COPENHAGEN – Is the European Union’s supposed “democratic deficit” now spreading to individual European countries in the wake of the sovereign-debt crisis? The rise of unelected technocrats to political power in Greece and Italy suggests, at least superficially, that the old taboo against technocratic governments pursuing an EU-dictated agenda has been shattered.
Consider Italy. Most Italians breathed a collective sigh of relief that three-time Prime Minister Silvio Berlusconi is being replaced by a technocrat par excellence, former European Commissioner Mario Monti, a respected economist. Greece, too, is turning over the reigns of government to an unelected, and supposedly apolitical, technocrat, Lucas Papademos, a former vice president of the European Central Bank.
Of course, there are many things wrong with the EU nowadays, but a widening of its so-called “democratic deficit” is not one of them. Indeed, that perceived deficit is something of a politically convenient canard. Scholars such as Princeton University’s Andrew Moravcsik have long argued that the EU’s legitimacy comes not from the ballot box, but from its ability to provide concrete benefits to citizens. What the EU achieves through integrating markets – or even eliminating passport controls – underscores the benefits of its “delegated democracy.”

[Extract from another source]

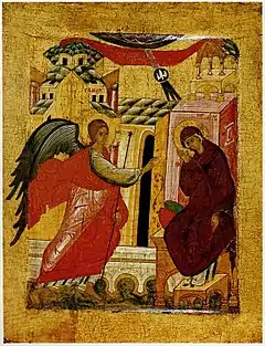 Согласно Евангелию от Луки, в шестой месяц после зачатия праведной Елисаветою святого Иоанна Предтечи Гавриил был послан Богом в Назарет к Деве Марии возвестить ей благую весть о будущем рождении по плоти от неё Иисуса Христа (Благовещение):
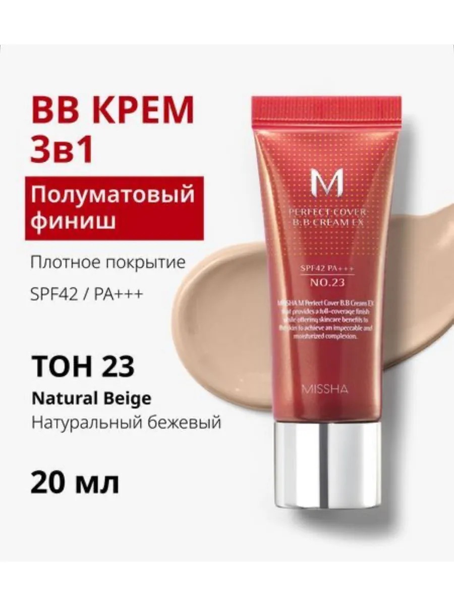 Тональный BB-крем MISSHA M подходит для всех типов кожи, в том числе для чувствительной области вокруг глаз. Эффективно защищает от вредного воздействия солнечных лучей спектра UVA и UVB, фактор защиты SPF 42/PA +++. Тон 23. Объем 20 мл. Тональный BB-крем MISSHA M Perfect Cover – идеальное покрытие для Вашей кожи: здоровый цвет, свежесть и сияние на весь день!

Indeed, it is precisely the Eurocrats’ detachment from everyday politics that has enabled the EU to deliver. Contrary to the ranting of Euroskeptic politicians in Britain and, increasingly, in eurozone member countries, the growing disenchantment of voters with politics reflects the distance that has grown between promises and results, not the distance between EU officials and member states’ citizens.